Saved data entries:
-=-=-

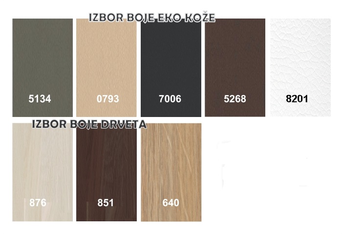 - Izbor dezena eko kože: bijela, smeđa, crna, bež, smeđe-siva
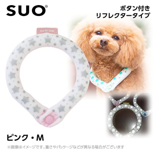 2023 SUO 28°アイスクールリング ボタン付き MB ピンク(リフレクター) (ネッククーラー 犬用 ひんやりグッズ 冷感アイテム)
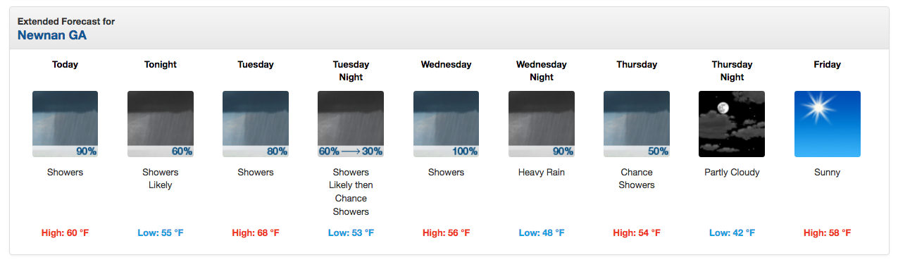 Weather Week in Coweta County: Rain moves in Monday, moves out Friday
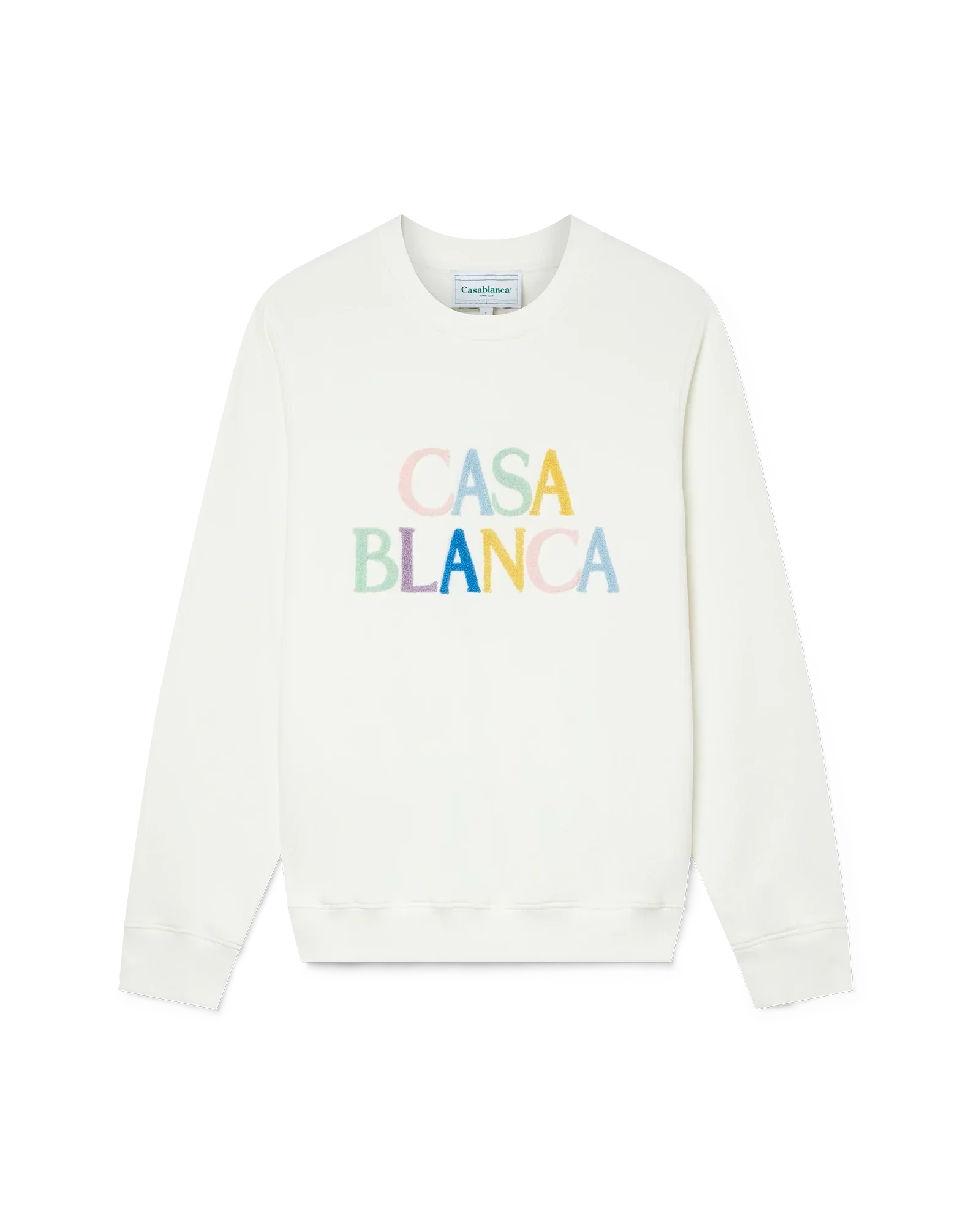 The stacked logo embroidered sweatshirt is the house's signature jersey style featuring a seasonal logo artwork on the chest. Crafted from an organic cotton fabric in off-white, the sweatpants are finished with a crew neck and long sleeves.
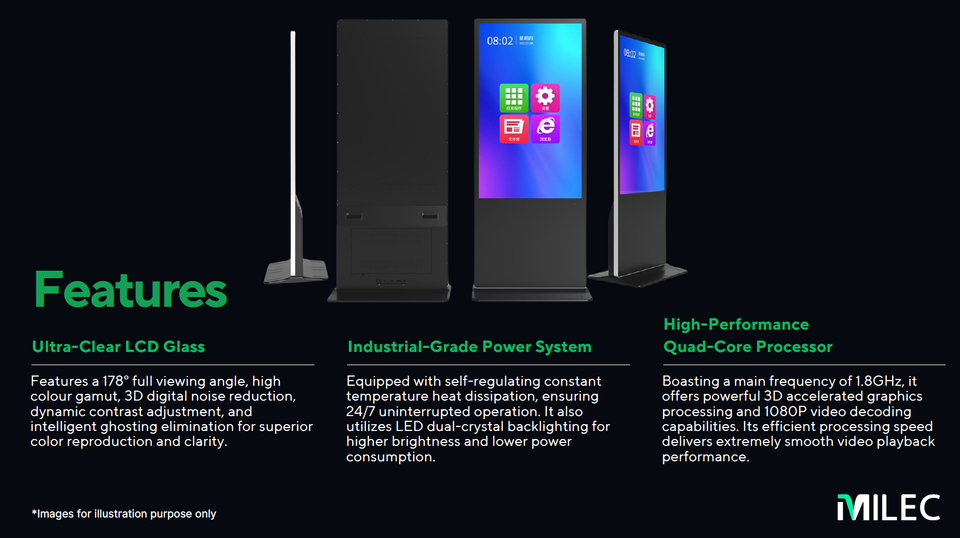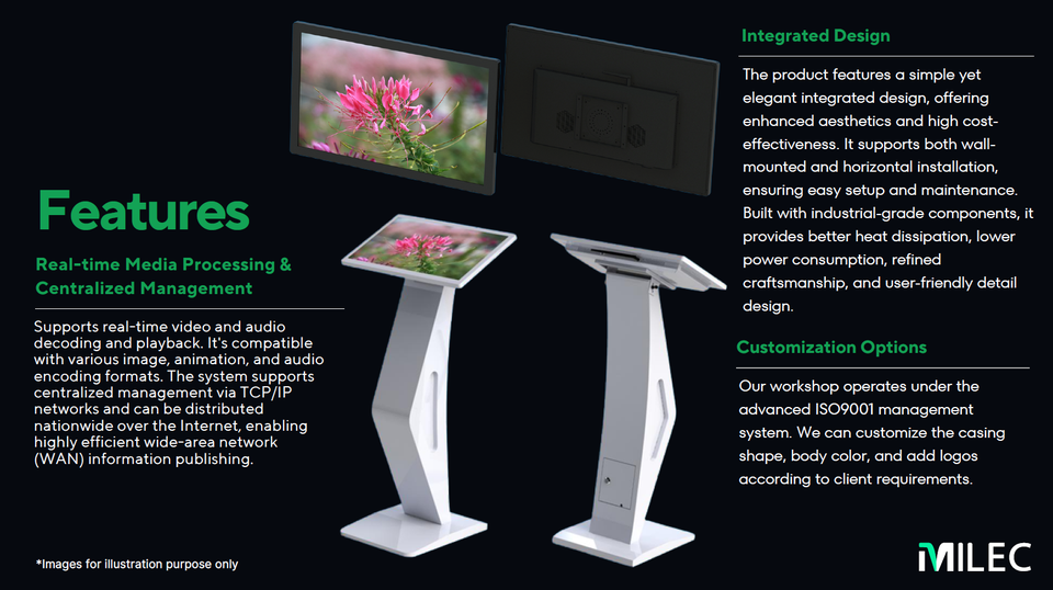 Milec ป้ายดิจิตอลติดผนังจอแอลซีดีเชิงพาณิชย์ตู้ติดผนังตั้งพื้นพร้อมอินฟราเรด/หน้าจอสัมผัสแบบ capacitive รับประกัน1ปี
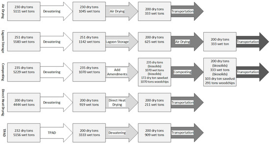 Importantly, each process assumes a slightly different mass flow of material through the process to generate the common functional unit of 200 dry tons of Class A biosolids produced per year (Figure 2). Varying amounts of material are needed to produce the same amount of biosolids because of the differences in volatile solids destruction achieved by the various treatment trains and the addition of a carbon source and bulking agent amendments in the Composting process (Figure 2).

-=-=-

__What is required__: A verbatim copy of the records is expected, from their first line through the line with "The stacked logo", inclusive, with the pictures removed.

__Expected output__:
 - Izbor dezena eko kože: bijela, smeđa, crna, bež, smeđe-siva
 2023 SUO 28°アイスクールリング ボタン付き MB ピンク(リフレクター) (ネッククーラー 犬用 ひんやりグッズ 冷感アイテム)
 Weather Week in Coweta County: Rain moves in Monday, moves out Friday
 The stacked logo embroidered sweatshirt is the house's signature jersey style featuring a seasonal logo artwork on the chest. Crafted from an organic cotton fabric in off-white, the sweatpants are finished with a crew neck and long sleeves.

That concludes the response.